The most effective ways to sustain the impact of the preventable behaviours are laid out as part of control measures to reducing needle stick injury in Nyaho Medical Centre. They include:

i. Undertaking continuous education and training activities that emphasize self-reporting culture of safety, modelling behaviour through mentorship, adherence to standard operating procedures (SOP) to promote zero NSIs.

ii. Introduction of needle stick injury ambassadors, the functional orientation of new staff and allocation of resources (safe staffing) demonstrating a commitment to nurses’ safety, infection control committee with a focus on needlestick prevention, a post-exposure plan, and consistent training to promote a standard for preventing needlestick injuries.

iii. Continued campaign (posters) against a two-handed technique of recapping. If recapping is necessary, nurses must use a one-handed scoop technique.

iv. Collection of used sharps at the point of use in a puncture and leakproof container which can be sealed shut when three-quarters full.

v. Maintain an adequate supply of puncture and leak-proof sharps containers to enable providers to perform procedures conveniently.

These control measures have been designed to assist NMC to reach international standards that is International Finance Corporation (IFC) and Joint Commission International (JCI) of quality and patient safety. It enabled us to conduct assessments to identify how well we were meeting defined standards in two key areas:

• Quality Measurement and Improvement

• Patient Safety

The assessment was not, in itself, intended for use as an accreditation tool. Nonetheless, it is likely to be a useful tool for NMC as we are actively considering international accreditation.


Implications for policy

There needs to be a policy revamp to recognize advances in technology to needlestick safety and prevention. This may require the use of safer needle devices to prevent needlestick injuries.

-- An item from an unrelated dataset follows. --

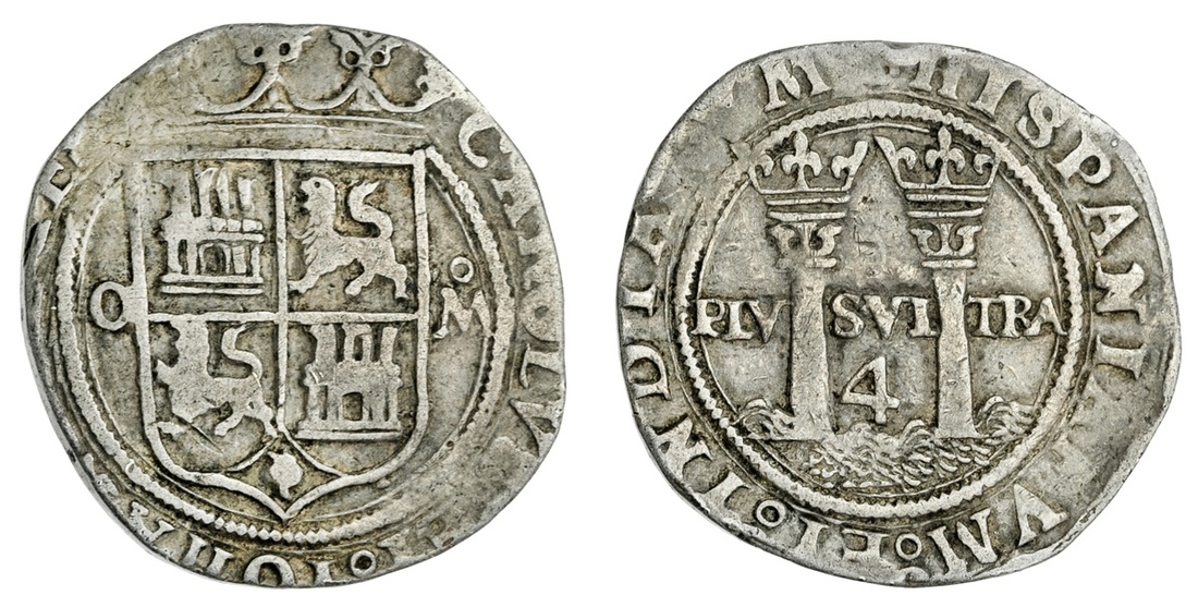 Mexico. Carlos y Juana la Loca (1516-1556). 4 Reales, nd, O-Mo. Mexico City. Bernardo de Oñate, assayer, struck 1552-1557. 12.2 gms. Crowned Arms, rev. Crowned Pillars, PLVS VLTRA and value across. KM 0018. Small old reverse nick. Good Very Fine. ex Sotheby's Sale, NY, June 25-26, 1999, lot 200 (part).
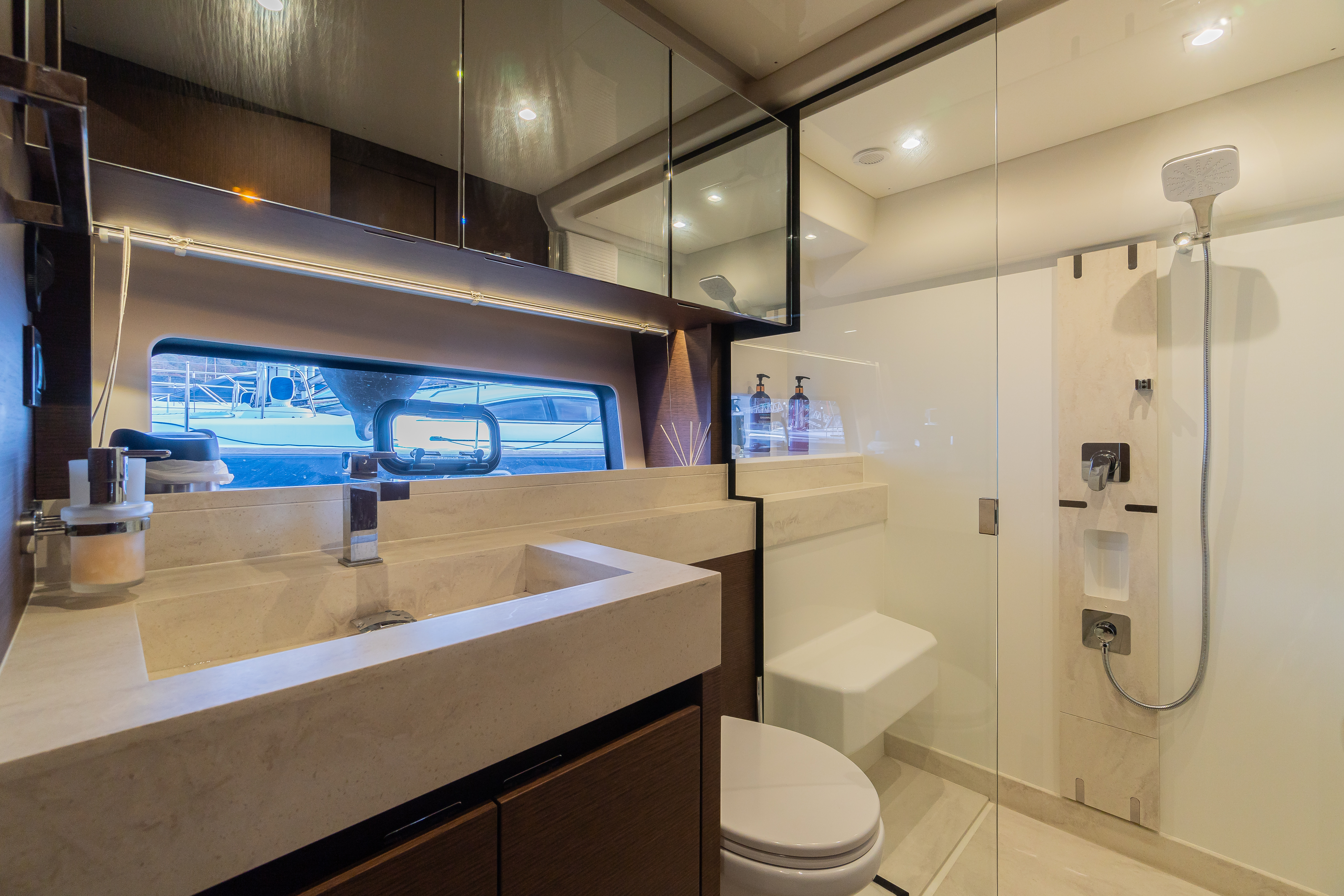En-suite heads compartment with walk-through shower with sliding door, electric freshwater flush toilet, storage unit, mirror and sink

Essential occupational health and safety measures include:

• Proper training of workers

• Provision of equipment

• Standardized safer staffing

The implementation and enforcement through a legislative or regulatory policy of control measures would enhance and sustain the prevention of needlestick injuries. Recognition of the risks of exposure to bloodborne pathogens by nurses and by regulatory authorities is crucial. While the primary prevention measures have reduced incidents, it is not enough to warrant staff safety. There is, therefore, the need for concerted programmes and policies to protect nurses and other frontline workers.

Conclusion

This article aimed to report measures taken to address risks faced by staff, patients and their families regarding needlestick injuries in Nyaho Medical Centre. This article has reported a significant problem with the incidence of needle stick injuries to staff, the needed interventions and outcomes (preventative behaviours) established to ensure safety. It also revealed disparity across Nyaho since some departments were reporting and tracking needlestick injuries while others did not. With this information and the advent of (IFC) and JCI regarding international standards for safer needle practices, we would gain support around sustainable control measures. The net results of these measures suggest the need for hospitals to adapt controls to maintain better, safer and more advanced safety needle practices. Hopefully, it will suggest the same to other healthcare facilities in Ghana.